──────── Working data

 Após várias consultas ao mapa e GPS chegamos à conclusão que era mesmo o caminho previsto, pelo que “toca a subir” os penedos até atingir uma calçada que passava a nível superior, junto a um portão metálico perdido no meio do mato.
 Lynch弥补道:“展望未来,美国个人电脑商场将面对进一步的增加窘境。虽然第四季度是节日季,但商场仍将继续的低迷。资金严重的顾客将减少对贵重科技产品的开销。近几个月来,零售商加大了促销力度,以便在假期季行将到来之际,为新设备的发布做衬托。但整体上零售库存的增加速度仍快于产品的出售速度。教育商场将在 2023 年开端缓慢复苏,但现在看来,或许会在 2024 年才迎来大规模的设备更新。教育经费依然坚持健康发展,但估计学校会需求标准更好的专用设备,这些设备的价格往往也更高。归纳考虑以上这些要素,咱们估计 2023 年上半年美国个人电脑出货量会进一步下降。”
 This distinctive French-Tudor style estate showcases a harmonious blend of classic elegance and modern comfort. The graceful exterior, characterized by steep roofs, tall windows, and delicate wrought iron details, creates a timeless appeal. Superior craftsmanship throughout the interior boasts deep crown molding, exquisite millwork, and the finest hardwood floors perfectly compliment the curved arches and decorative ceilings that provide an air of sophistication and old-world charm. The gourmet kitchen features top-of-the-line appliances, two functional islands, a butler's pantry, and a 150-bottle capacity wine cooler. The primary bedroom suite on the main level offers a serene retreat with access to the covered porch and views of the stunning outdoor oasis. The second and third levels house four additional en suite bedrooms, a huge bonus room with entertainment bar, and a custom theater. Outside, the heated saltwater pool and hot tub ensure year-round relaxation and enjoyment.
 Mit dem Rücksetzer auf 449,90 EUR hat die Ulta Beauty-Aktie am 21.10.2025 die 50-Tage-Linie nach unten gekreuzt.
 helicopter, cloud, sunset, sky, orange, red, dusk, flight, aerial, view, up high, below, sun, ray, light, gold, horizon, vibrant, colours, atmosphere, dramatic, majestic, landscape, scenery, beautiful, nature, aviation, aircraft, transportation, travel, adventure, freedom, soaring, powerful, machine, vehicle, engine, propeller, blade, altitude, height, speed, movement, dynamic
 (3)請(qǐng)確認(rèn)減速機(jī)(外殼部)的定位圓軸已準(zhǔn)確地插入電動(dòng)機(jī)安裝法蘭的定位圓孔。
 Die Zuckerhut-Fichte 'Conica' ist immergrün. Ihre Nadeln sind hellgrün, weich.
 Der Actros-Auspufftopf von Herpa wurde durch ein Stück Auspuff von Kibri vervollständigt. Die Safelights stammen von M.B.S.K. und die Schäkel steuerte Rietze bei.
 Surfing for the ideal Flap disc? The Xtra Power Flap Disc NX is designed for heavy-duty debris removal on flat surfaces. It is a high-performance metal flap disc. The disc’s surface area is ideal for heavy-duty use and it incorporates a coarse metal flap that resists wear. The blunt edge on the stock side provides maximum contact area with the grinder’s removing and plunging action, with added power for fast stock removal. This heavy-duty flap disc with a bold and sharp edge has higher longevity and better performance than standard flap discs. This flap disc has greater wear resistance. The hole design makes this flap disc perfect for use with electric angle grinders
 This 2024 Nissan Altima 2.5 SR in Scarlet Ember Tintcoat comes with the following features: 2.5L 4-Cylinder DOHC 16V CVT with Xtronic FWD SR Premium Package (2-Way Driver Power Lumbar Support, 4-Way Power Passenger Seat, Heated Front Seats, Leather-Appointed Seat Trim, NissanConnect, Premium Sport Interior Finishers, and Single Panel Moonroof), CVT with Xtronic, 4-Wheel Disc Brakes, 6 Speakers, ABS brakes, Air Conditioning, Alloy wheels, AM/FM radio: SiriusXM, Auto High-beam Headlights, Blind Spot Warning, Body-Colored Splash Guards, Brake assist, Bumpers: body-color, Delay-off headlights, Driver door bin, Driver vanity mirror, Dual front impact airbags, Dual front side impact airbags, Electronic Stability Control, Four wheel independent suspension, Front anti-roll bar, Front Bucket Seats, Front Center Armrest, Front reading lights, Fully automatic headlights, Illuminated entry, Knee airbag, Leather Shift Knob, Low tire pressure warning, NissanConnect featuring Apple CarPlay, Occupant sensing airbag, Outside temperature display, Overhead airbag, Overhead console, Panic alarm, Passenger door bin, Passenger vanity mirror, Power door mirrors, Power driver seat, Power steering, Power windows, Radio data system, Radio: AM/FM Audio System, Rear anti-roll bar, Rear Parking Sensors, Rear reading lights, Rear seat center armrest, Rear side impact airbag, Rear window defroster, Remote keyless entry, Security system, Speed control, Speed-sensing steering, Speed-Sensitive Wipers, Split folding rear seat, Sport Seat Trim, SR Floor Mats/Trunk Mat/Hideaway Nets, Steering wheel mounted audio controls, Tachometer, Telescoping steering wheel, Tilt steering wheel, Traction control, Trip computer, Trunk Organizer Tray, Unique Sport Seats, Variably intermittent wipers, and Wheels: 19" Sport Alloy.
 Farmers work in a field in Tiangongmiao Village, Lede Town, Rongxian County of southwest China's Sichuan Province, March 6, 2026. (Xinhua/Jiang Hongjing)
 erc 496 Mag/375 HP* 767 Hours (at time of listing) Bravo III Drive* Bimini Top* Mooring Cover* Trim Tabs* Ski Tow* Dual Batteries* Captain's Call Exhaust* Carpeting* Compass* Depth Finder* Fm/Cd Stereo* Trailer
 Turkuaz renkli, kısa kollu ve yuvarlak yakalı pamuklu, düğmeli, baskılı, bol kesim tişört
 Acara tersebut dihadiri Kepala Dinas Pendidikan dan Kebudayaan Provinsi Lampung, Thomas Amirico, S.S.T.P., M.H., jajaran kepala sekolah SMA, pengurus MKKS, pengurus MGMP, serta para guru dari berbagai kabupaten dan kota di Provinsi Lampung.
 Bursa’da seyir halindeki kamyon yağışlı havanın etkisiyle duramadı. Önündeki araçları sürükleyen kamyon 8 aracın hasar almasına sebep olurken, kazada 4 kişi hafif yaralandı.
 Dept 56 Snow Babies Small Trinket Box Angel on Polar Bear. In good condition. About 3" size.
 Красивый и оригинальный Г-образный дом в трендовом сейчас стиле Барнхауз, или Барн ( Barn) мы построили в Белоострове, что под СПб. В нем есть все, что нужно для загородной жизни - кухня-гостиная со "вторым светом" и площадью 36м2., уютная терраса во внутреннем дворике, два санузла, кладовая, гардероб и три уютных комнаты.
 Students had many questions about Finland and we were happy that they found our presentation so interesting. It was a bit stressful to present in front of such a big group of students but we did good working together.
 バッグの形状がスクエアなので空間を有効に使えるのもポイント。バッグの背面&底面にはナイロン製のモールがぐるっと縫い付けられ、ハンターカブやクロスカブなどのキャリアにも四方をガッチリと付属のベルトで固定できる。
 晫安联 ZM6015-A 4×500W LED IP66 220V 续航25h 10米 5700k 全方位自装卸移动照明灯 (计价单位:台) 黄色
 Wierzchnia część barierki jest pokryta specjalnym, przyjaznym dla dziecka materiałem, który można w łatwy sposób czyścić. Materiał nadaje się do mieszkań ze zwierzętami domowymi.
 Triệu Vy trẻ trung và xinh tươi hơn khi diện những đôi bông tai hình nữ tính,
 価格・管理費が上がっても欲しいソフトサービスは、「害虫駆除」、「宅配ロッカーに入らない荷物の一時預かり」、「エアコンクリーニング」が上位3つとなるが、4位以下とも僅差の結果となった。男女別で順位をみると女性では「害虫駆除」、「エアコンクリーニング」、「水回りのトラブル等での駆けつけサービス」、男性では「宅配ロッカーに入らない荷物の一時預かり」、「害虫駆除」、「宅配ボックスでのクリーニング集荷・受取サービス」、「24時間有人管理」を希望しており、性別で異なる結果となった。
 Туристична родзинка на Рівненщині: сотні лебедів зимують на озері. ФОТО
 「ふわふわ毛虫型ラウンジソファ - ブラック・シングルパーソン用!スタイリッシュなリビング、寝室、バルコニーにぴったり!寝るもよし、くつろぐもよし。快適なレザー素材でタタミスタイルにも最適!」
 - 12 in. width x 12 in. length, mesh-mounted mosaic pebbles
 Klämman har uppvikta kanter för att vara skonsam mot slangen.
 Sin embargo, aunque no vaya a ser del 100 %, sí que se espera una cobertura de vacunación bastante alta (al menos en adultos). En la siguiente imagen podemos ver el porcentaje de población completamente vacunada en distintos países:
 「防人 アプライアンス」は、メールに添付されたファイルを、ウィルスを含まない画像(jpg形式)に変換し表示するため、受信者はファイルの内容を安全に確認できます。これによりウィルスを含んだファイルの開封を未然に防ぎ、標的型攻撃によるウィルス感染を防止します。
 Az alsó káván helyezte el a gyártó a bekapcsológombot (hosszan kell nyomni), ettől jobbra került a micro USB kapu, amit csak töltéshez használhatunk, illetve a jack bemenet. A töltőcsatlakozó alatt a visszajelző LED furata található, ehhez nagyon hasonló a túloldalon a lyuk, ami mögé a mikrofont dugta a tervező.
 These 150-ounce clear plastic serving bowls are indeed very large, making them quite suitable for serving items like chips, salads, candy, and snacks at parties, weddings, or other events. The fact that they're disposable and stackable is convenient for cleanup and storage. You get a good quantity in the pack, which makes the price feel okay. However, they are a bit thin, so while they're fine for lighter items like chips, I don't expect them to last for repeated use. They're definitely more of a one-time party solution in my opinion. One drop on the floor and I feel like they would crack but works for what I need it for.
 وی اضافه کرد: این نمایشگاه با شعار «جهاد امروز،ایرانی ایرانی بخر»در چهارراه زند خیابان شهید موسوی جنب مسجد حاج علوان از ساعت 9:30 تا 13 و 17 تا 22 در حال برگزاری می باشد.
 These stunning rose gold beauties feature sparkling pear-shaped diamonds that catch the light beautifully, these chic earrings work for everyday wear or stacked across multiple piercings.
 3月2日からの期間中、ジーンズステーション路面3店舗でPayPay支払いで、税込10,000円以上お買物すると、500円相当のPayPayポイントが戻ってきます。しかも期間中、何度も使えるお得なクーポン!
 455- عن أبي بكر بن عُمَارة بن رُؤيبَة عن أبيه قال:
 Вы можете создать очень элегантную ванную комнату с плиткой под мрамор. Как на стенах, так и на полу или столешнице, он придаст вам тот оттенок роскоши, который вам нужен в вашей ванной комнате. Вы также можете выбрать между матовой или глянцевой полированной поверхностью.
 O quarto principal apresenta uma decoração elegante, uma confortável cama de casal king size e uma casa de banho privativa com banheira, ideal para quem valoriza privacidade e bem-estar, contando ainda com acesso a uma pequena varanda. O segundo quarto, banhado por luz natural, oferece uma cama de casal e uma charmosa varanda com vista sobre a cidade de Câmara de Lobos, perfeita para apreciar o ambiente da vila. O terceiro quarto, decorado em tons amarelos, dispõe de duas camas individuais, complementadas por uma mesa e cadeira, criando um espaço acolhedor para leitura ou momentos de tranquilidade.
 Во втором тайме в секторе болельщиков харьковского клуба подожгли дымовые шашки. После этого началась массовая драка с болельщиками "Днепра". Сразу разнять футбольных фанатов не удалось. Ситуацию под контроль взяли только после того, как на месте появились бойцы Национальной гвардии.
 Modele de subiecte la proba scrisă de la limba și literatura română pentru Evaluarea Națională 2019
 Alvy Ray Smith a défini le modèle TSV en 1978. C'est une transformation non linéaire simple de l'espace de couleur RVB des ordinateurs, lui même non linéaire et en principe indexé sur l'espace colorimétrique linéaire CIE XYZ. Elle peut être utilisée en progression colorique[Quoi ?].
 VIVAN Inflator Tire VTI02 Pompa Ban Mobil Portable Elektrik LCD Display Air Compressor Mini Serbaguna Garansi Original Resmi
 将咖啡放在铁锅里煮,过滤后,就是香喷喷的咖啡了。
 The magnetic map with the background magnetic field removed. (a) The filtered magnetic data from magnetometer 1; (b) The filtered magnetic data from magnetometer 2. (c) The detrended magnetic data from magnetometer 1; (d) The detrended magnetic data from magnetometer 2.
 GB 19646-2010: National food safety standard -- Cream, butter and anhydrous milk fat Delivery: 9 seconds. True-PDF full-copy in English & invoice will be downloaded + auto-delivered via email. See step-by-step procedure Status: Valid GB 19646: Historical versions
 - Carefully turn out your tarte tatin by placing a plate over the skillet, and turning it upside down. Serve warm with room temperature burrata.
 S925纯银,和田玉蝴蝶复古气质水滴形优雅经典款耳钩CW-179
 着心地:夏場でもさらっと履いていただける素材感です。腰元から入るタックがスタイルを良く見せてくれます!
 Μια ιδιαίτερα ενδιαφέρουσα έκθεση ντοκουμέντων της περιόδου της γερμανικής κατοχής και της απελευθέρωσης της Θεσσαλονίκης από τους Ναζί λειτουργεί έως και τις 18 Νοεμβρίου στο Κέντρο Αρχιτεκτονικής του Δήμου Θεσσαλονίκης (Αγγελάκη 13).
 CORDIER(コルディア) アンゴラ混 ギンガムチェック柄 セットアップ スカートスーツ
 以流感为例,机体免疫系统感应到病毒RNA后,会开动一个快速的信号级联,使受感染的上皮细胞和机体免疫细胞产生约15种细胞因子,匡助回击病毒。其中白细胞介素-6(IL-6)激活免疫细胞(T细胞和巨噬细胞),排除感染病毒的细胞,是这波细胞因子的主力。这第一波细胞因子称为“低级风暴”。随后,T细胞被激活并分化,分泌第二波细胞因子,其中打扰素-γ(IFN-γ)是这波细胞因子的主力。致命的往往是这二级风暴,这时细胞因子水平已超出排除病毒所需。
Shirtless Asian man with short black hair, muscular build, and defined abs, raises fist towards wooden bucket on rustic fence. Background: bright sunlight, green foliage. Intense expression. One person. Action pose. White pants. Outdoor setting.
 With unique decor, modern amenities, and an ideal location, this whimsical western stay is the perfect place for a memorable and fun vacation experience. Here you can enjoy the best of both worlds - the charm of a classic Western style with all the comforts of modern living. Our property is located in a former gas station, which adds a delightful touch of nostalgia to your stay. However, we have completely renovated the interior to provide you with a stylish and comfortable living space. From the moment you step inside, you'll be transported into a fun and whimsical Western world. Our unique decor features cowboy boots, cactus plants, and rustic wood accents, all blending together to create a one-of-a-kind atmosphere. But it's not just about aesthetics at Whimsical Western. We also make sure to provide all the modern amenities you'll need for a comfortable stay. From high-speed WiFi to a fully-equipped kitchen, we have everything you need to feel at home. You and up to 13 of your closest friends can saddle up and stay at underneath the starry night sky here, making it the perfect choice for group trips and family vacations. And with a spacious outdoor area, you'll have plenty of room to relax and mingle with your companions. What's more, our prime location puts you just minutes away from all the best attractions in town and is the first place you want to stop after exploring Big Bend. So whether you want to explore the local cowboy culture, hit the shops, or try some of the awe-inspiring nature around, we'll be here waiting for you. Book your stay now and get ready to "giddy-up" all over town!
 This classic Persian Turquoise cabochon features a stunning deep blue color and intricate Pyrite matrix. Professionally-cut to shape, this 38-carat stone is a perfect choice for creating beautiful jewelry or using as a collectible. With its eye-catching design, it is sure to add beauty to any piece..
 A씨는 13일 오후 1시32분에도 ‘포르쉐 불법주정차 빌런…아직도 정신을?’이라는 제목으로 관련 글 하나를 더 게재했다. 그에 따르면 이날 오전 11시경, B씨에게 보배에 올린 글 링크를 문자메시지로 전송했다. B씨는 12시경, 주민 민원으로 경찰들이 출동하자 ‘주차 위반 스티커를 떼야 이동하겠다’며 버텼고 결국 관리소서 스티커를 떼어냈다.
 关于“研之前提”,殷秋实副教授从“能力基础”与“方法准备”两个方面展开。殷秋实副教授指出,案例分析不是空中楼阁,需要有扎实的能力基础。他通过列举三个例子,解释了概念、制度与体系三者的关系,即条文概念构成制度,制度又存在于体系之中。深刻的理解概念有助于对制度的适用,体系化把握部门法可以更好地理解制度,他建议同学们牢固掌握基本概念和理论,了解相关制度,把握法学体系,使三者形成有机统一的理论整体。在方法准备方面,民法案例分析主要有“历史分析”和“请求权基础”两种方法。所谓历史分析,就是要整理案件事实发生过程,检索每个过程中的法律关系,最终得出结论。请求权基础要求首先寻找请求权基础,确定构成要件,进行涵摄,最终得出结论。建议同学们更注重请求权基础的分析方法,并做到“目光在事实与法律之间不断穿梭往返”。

────────────────

◆ **Task brief**
Reproduce, line for line, the material, starting at its first line, and end once the line holding "2023 年开端缓慢复苏,但现在看来,或许会在 2024" has been output.

◆ **Exercise answer**
 Após várias consultas ao mapa e GPS chegamos à conclusão que era mesmo o caminho previsto, pelo que “toca a subir” os penedos até atingir uma calçada que passava a nível superior, junto a um portão metálico perdido no meio do mato.
 Lynch弥补道:“展望未来,美国个人电脑商场将面对进一步的增加窘境。虽然第四季度是节日季,但商场仍将继续的低迷。资金严重的顾客将减少对贵重科技产品的开销。近几个月来,零售商加大了促销力度,以便在假期季行将到来之际,为新设备的发布做衬托。但整体上零售库存的增加速度仍快于产品的出售速度。教育商场将在 2023 年开端缓慢复苏,但现在看来,或许会在 2024 年才迎来大规模的设备更新。教育经费依然坚持健康发展,但估计学校会需求标准更好的专用设备,这些设备的价格往往也更高。归纳考虑以上这些要素,咱们估计 2023 年上半年美国个人电脑出货量会进一步下降。”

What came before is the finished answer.